Jay sighed. “I’m glad my Jew sperm could help,” he said, and then dropped it.
It’s a thirty minute-ride to St. Alden’s, where the St. Alden’s School for Boys is cozily nestled beside one of the oldest abbeys in England. Kersti’s been doing research and, as it turns out, Mr. Fithern hasn’t done too badly for himself. St. Alden’s School has one of the best reputations in the country. Their website’s wordy “Ethos” promises to “provide an excellent education whereby young men will achieve the highest standard of academic success and develop character and self-discipline.”
They must not have known when they hired Mr. Fithern that he was fleeing a scandal in Switzerland, and that he was completely devoid of both character and self-discipline. He obviously fooled them, just like he fooled everyone at the Lycée.
As the train moves deeper into Hertfordshire, Kersti stares out the window at the rolling green hills, with its hamlets of Tudor cottages, weeping willows, and patches of purple anemones. A lovely brook shimmers alongside their train, as though rushing valiantly to keep up with it. The sun is shining for the first time since they landed at Heathrow, transforming the scenery from the wet gray blur of London into a bright, colorful postcard.
“You know,” Jay says. “We could just spend our time chilling and exploring.

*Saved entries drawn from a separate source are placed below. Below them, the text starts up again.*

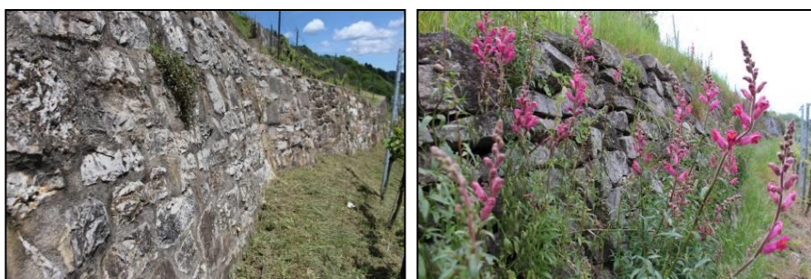
Abb. 5: Verfügte Mauern (links) sind als Lebensraum für Reptilien nicht / bedingt geeignet; eine südexponierte, hohlraumreiche Trockenmauer, hier mit Löwenmäulchen ( Antirrhinum majus ) (Gartenflüchtling), ist als Lebensraum ideal.

Teils sind typische Wiesen-Arten vorhanden wie Wiesen-Flockenblume ( Centaurea jacea ), Feld-Witwenblume ( Knautia arvensis ) und vereinzelt Großer Wiesenknopf ( Sanguisorba officinalis ). Punktuell kommen auch Weidezeiger wie der Besenginster ( Cytisus scoparius ) vor. Feld-Hainsimse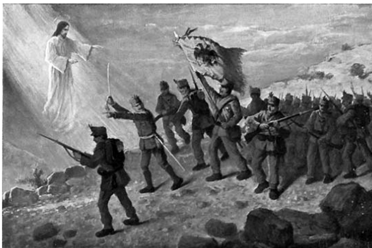
Ратна дописница „Gott mit uns“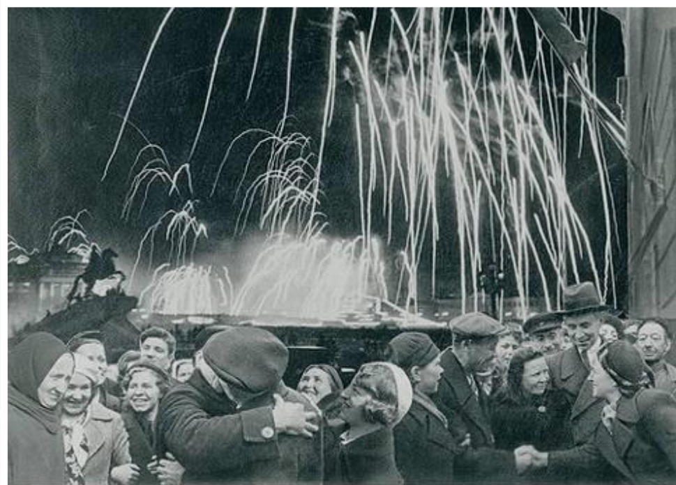
-Великая победа одержана советскими войсками под Ленинградом:

Победе радовалась вся страна, но эта радость была со слезами на глазах, так как в каждой семье, в каждом доме кто-то погиб на этой страшной войне.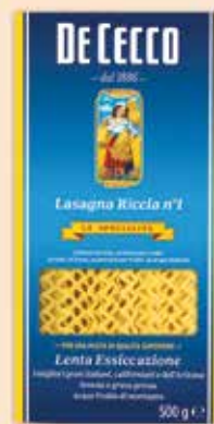
502001 Лазаня (1) 500 г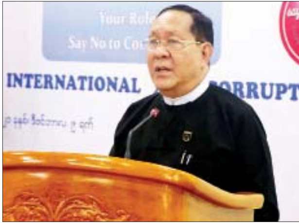
ပြည်ထောင်စုတရားသူကြီးချုပ် ဦးထွန်းထွန်းဦး Video Conferencing ဖြင့် ပြောကြားစဉ်။

ကော်မရှင်ဥက္ကဋ္ဌ၊ မြန်မာနိုင်ငံ တော်ဗဟိုဘဏ်ဥက္ကဋ္ဌ၊ ဒုတိယ ဝန်ကြီးများ၊ ဌာနဆိုင်ရာ အကြီးအကဲများနှင့် တာဝန်ရှိသူ များက Video Conferencing ဖြင့် တက်ရောက်ကြသည်။ အခမ်းအနားတွင် နိုင်ငံတော် စီမံ အုပ်ချုပ်ရေးကောင်စီ ဥက္ကဋ္ဌ၊ နိုင်ငံတော်ဝန်ကြီးချုပ် ဗိုလ်ချုပ်မှူးကြီး မင်းအောင်လှိုင် မိန့်ခွန်း Video Message ကို ဖွင့်လှစ်ပြသသည်။ (နိုင်ငံတော် စီမံအုပ်ချုပ်ရေးကောင်စီဥက္ကဋ္ဌ၊ နိုင်ငံတော် ဝန်ကြီးချုပ် ဗိုလ်ချုပ်မှူးကြီး မင်းအောင်လှိုင် ၏ မိန့်ခွန်းအပြည့်အစုံကို စာမျက်နှာ ၉ တွင် ဖော်ပြထား ပါသည်။) ထို့နောက် ပြည်ထောင်စု တရားသူကြီးချုပ် ဦးထွန်းထွန်းဦး က တရားစီရင်ရေးမဏ္ဍိုင် ဖြောင့်မတ် မှန်ကန်ရေးအတွက် အဂတိကင်းစင်သည့်၊ ဘက်လိုက် မှုကင်းသည့်၊ ဖြောင့်မတ် တည်ကြည်သည့်၊ သမာသမတ် ကျသည့် တရားစီရင်ရေးကို ဖော်ဆောင်ခြင်း၊ တရားရုံး

We don’t have to visit that teacher—”
“Yes, we do.”
“Why?”
She looks at him as though he’s gone mad. “Because Cressida is literally a part of me now,” she says. “I have to do this for her, Jay. I have to do this for all of us.”
When they arrive at the Inn at London Colney, a restored redbrick coach house next to the Colne River, Kersti wanders the grounds while the sun is still shining, figuring it might be her only opportunity to take in the view before the sky turns dark and opens up and the damp chill returns to the air.
The inn faces a Tudor-style public house across the river, accessible only by a honey-colored stone footbridge canopied by willow trees and oaks blooming with catkins. Kersti heads off toward the bridge while Jay goes inside to check them in. She stands there for a little while, staring down at the rippling water, listening to the orchestra of birds. She notices a small owl staring at her from the branch of an oak tree, his round eyes fixed on her intently, his body perfectly still.
She peers down into the river, which is a significant drop. She thinks about Cressida tumbling from her balcony onto concrete and a wave of nausea pushes its way up into her throat. She’s so close to Lausanne now. In another two days, she’ll be pulling into the Gare, just as she did a little over twenty years ago. Only this time she’ll be with Jay, not her mother. Now she’s a grown woman, a success on all fronts, no one’s shadow anymore. The babies move inside her and it feels like flapping butterflies. It still surprises her, the force of their sudden movements, how strong they already are.